There are many factors involved in the results of competitive games, and many factors need to be considered when forecasting. The prediction of competitive competitions in team battles is more complicated. In addition to personal abilities and personal on-the-spot performance, the factors involved in the results of the competition also include cooperative combat capabilities such as team cooperation. Therefore, the prediction of the outcome of the game is a very professional field problem. The NBA’s data system is amazing to the degree of quantification of the game. The NBA has always relied on cutting-edge technology for support, while providing a large amount of data for game prediction and game analysis. The strength gap between each team is small, and each game is full of infinite possibilities. This makes predicting the game a challenging and meaningful thing.

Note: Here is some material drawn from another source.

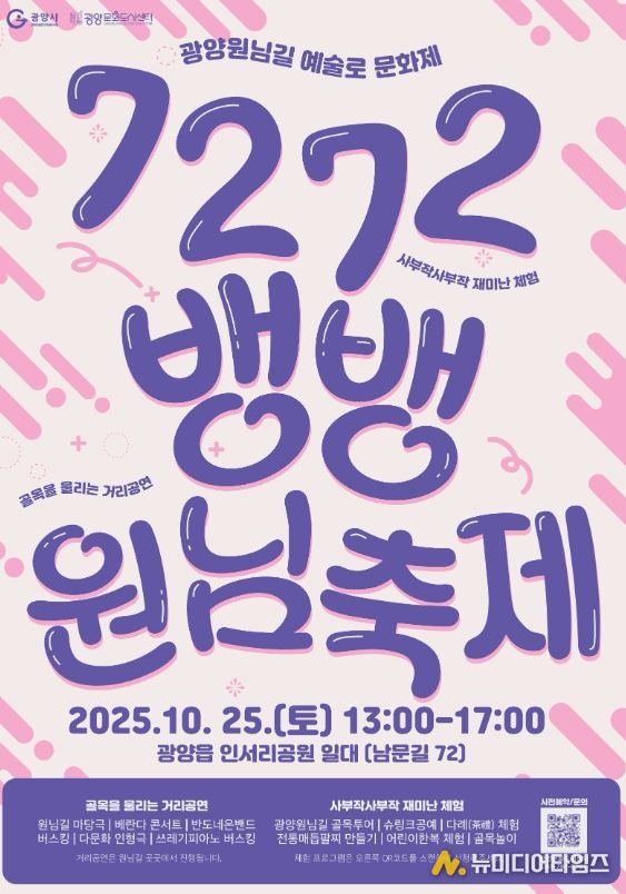 광양문화도시센터는 오는 10월 25일 금요일 오후 광양읍 인서리공원 일대에서 광양원님길 브랜드 축제 ‘7272뱅뱅원님축제’를 개최한다고 밝혔다.

PageRank algorithm is an algorithm based on link analysis. The principle of the algorithm involves the knowledge of hyperlinks on web pages. The basic idea of PageRank algorithm can be understood in this way. First, the PageRank algorithm evaluates whether a web page is important, based on the number of webpages linked to this web page. We all know that the importance of the Phoenix.com homepage is higher than that of a personal blog page, but the specific importance is measured by the number of web pages linked to these two web pages. Specifically, the number of web pages linked to the homepage of Phoenix.com is more than the number of pages linked to a personal blog. Therefore, the homepage of Phoenix.com is more important. However, in order to improve the importance of some webpages, in addition to improving the quality of their own web page content, they will also create some webpages linking themselves, and many of them are even spam webpages. Although the index of importance has increased, these pages are not important pages. In order to avoid the drawbacks of evaluating the importance of webpages by linking, the PageRank algorithm uses a method of weighting the importance of linked webpages for assessment. For example, if a web page linked to a web page contains some webpages from well-known websites such as Google, the importance of this page is even higher.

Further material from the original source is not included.